2-5-2003
Valentines On The Peninsula
Sixty years and counting the ways of love
By Temple A. Stark

Couples who’ve been married for at least 50 years look young.
An observer might note that they also act young. Mim and Stan Seymour are no exception.

“It’s been very quick,” Mim said.

Don’t look too quickly, Mim, but on Aug. 22, it will be 61 years as two halves of a whole.

“Evidently he had his eye on me,” she said. “It had been there. We were both 24 when we were married and that was fairly adult.”

The spark they have together centers around comfort. In knowing how each other’s minds work. In their surroundings too.

Leather furniture and East Indian flavors tinge the atmosphere of the quiet times they have. Those slow times don’t come too often.
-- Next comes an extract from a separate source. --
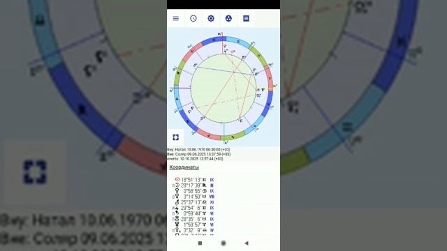 Краткая инструкция по построению Соляров в приложении для построения гороскопов Сотис для Андроид. Рассмотрен пример построения Соляра. Текст инструкции: Видео, которое вы сейчас смотрите, это краткая инструкция использования соляров в приложении Сотис под Андроид. Соляр, почти всегда, строят на координаты места, где находится кверент в момент его включения, а т.к. программа для расчета Солярной карты берет координаты из карты События, то именно в карте События, нам и надо установить координаты для Солярной карты. Заходим в Меню, выбираем Изменить данные события, далее есть два варианта: найти населенный пункт, где было включение Соляра или ввести координаты вручную. Далее надо ввести дату того периода, на который мы строим соляр. Например если дата рождения 10 июня и нужен соляр на 2020 год, то дату можно ввести на любую дату позже дня рождения. Если нужен Соляр на 2019 год, то берем любую дату до дня рождения 2020 года. Если анализируется текущая дата и она уже установлена в карте События, то можно вообще ничего не менять а сразу выбрать тип карты Соляр. Нажимаем третью кнопку слева верхнего ряда, с изображением звездочки и ищем в списке Соляр, нажимаем и выбираем сочетание, какие карты нужны для анализа. Обычно начинают анализ Соляра с двойной карты Соляр-Натал. Это первый пункт. Если необходимо исследовать только одну карту, то выбираем какую, внешнюю или внутреннюю. Для этого в верхнем ряду есть кнопка с изображение круга с тремя точками. Если есть необходимость исследовать Прогрессию к Соляру или транзит к Соляру, то при выборе Солярной карты выбираем соответствующий пункт. Сол-Тр - это Транзит ная карта к Солярной карте, Сол-Пр - Прогрессия третичная к Солярной карте и ПрСол-Нат - это прогрессия Солярной карты к Натальной. - это сочетание редко используется, но оно было добавлено по просьбе пользователей. При использовании Динамики времени для исследования разных временных периодов, нет необходимости специально менять данные для Соляра. Он автоматически будет пересчитываться на дату события, которая меняется в динамике времени. Это особенно актуально, когда вы меняете пошагово время и добрались до той точки, когда текущий соляр закончился и действует уже другой. Программа сама об этом позаботится и перестроит карту Соляра, взяв тот, который нужно. Если что-то из построения Соляров осталось непонятным, пожалуйста напишите мне на почту и я вам отвечу и добавлю эту информацию в видео инструкцию. Благодарю за внимание.
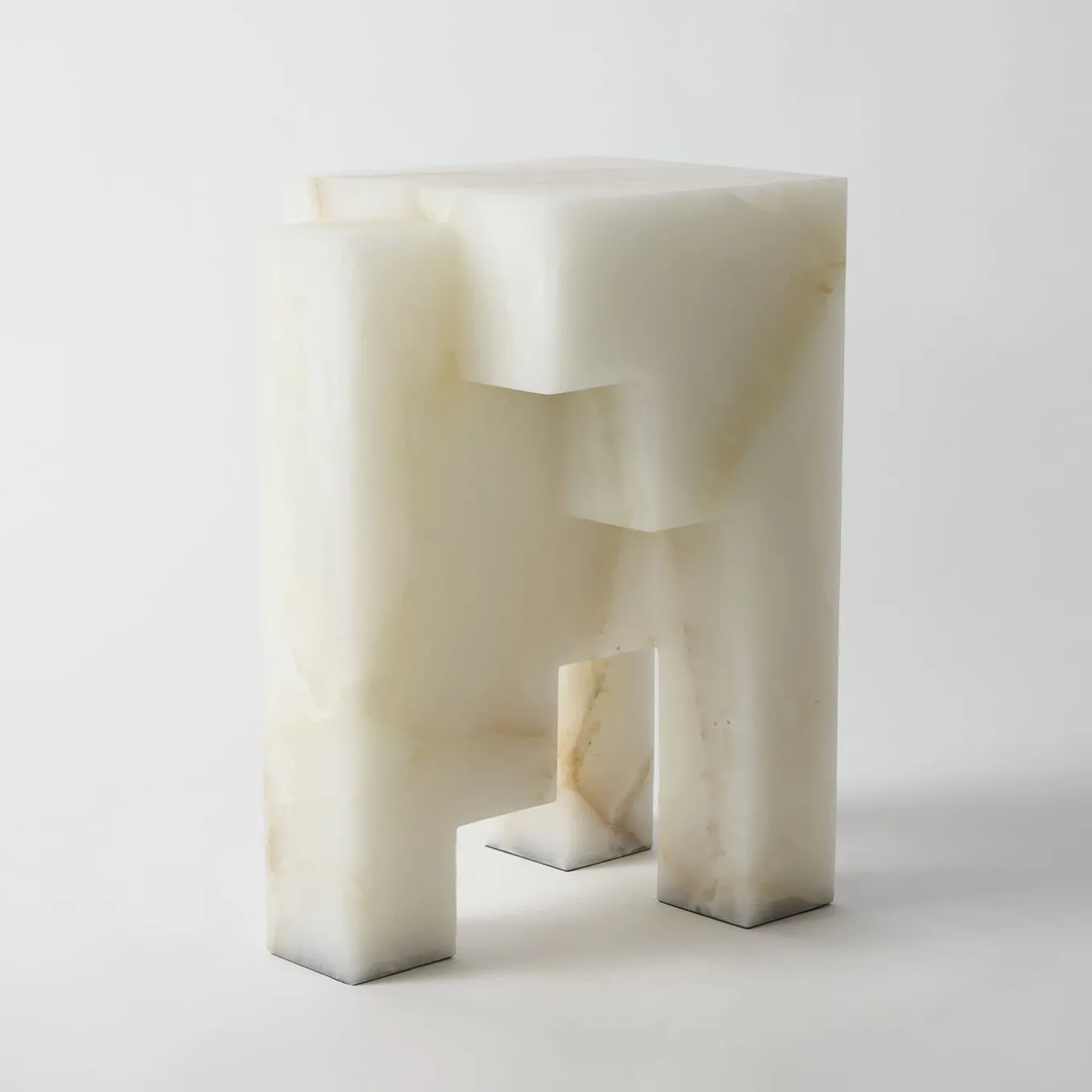 Crafted from stunning white onyx, the Los Tres Deseos Side Table serves a dual purpose as both a stool and a side table. This piece exemplifies meticulous craftsmanship and innovative design, drawing inspiration from contemporary aesthetics. Its sculptural form emphasizes a bold graphic presence, elevating any interior space with its strikingly elegant silhouette. Highlighted by the inherent beauty of the material, this side table is designed to showcase the unique characteristics of white onyx, ensuring each piece stands out in its own right. The design encapsulates a refined blend of functionality and artistry, making it an exceptional addition to a modern living environment.

Mim taught deaf children for many years, so she is well attuned to subtlety, lip-reading and appreciating what silence can represent.

“I know what he’s feeling, so he doesn’t always have to say it,” Mim said. “But he does.”

And there’s always that dry wit.

Could it have been a sense of humor gained from his career? Engineers are noted for their quirks. Stan is a retired Bonneville Power Administration systems engineer who also worked radar in the Army Signal Corp.

“I can always depend on him. He’s always there for you,” Mim said. “He has his own ways that’s not exactly other people’s ways.”

“I’m sideways,” Stan said with a barely-there smile.

How two people live together, tolerate each other, or even stand each other for 60 days can be a fathomless question. Let alone 60 years.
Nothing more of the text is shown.